Sanji looks at him. “I said he has terrible decision making skills.”
“So that’s a yes, I take it.” 
Sanji shrugs. “My family’s dead, my mother in law is dead, and my wife shot me in the forehead. Your reindeer pulled the bullet out of my brain.” 
“Gross.” 
“He thinks I need therapy.” 
“Probably.”
Zoro doesn’t trust a lot of people. He thinks probably someone should figure out why this guy’s wife shot him. But he’s also the one who dragged the sad sack out of his tower room. And he thinks there’s something hot about a man who won’t stop bleeding. So. 
“You can cook more than sweets, right?”
“I was a sous chef. Once.” 
“Good enough for me.”
He sticks a little close to Sanji during the rest of their stay on Whole Cake. Just to make sure he’s not about turn tail. And also because he’s Zoro’s type, even when his forehead does stop bleeding.

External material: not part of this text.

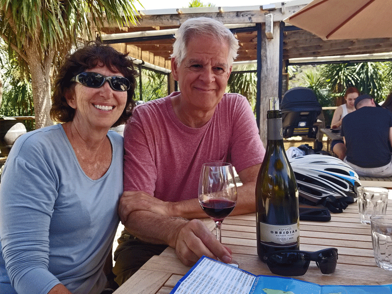 There are about 30 small wineries tucked into the hills of Waiheke, and our objective was to visit five. We rented electric bikes to get around the island – a first for all of us. They were wonderful, but a little terrifying until we got comfortable with the “surge” that propels you up the hills. Not to mention the challenges of riding on the left for the first time, dealing with the surprisingly busy main road, and trying to navigate the map. By the time we arrived at Obsidian, our first winery (only one wrong turn along the way), we were ready to relax!

And that’s why, when they get onto the Sunny, Zoro’s able to pick up on the small way Sanji’s expression shifts. Relaxes. As he steps on board the ship. 
The small smile that graces his features when they set off from shore. 
The way his eyes light up ever so slightly when he walks into the kitchen.
All that is nothing compared to the expression on his face six months later when Luffy cracks the Red Line in half and all the seas flow together.
But Zoro’s not to know that, yet. 
All he knows is there’s something that he feels like he’s missed out on, with this guy. That somehow Sanji should’ve been here from the beginning. 
But at least he’s here now.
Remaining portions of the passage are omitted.